In affected members ... In a family with the generalized form of epidermolysis bullosa simplex, Bonifas et al. (1991) found linkage to markers on chromosome 17 and identified a point mutation in the KRT14 gene (L384P; 148066.0001). In affected members of a large Irish family with generalized EBS, Humphries et al. (1993) identified a heterozygous mutation in the KRT14 gene (M272R; 148066.0007). In affected members of a large Finnish family with the generalized Koebner type of EBS in which Ryynanen et al. (1991) found linkage to 12q, Dong et al. (1993) identified a heterozygous mutation in the KRT5 gene (L463P; 148040.0002). In affected members of a family with autosomal dominant epidermolysis bullosa simplex, Stephens et al. (1995) identified a heterozygous mutation in the KRT5 gene (K173N; 148040.0006). One family member was homozygous for the K173N allele, having inherited it from each of her affected first-cousin parents. However, this patient showed no significant differences in either the clinical severity or the ultrastructural organization of the homozygous keratin intermediate filament cytoskeleton.
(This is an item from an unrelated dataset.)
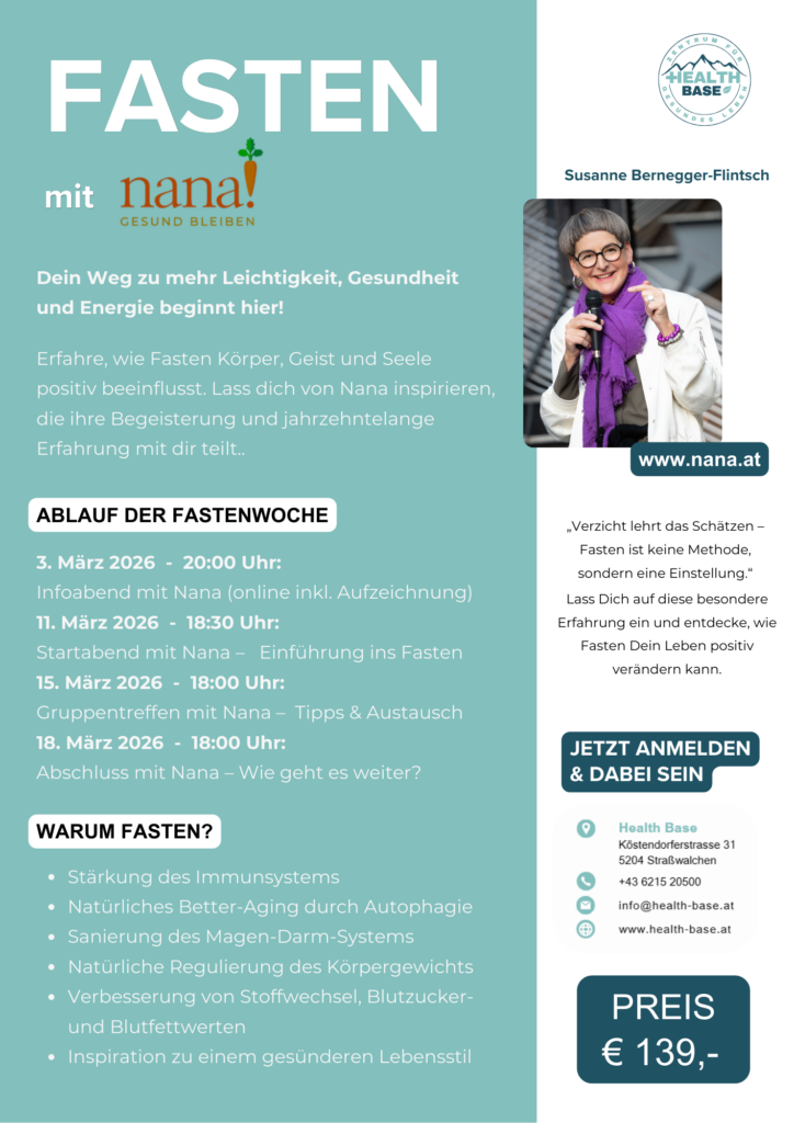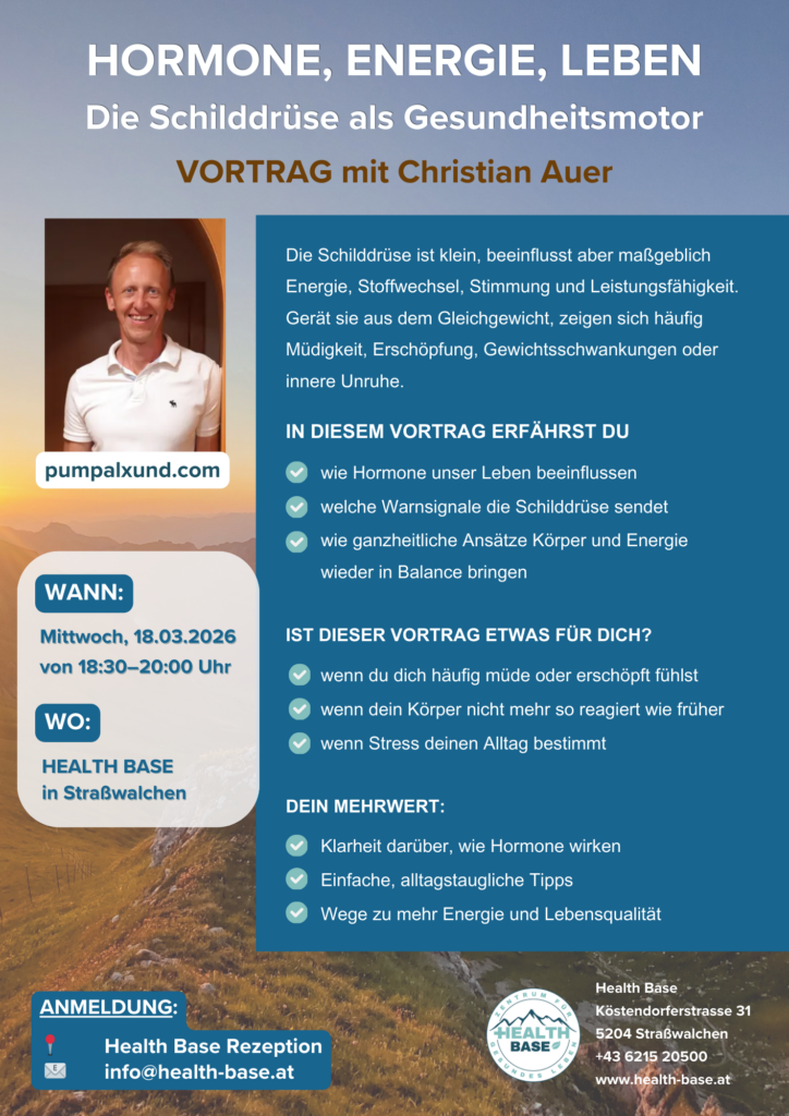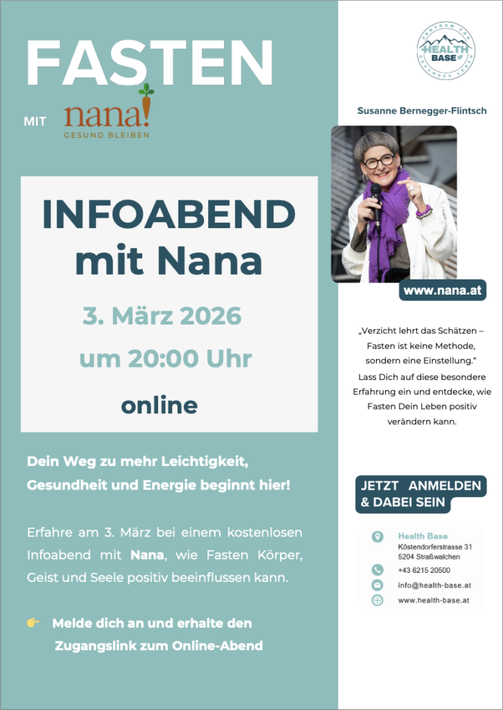 Melden Sie sich jetzt für unseren WhatsApp-Newsletter an, indem Sie eine E-Mail an info@health-base.at senden. Erhalten Sie regelmäßige Gesundheitstipps, Neuigkeiten und exklusive Angebote direkt auf Ihr Handy!

These data demonstrated that the K173N mutation behaves as a fully dominant allele. Among 18 families with various forms of EBS, Pfendner et al. (2005) identified KRT5 mutations in 7 probands and KRT14 mutations in 11 probands, indicating that mutations in either gene can result in EBS at approximately equal frequencies. A large number (15 of 18) were de novo mutations. The clinical spectrum was highly variable.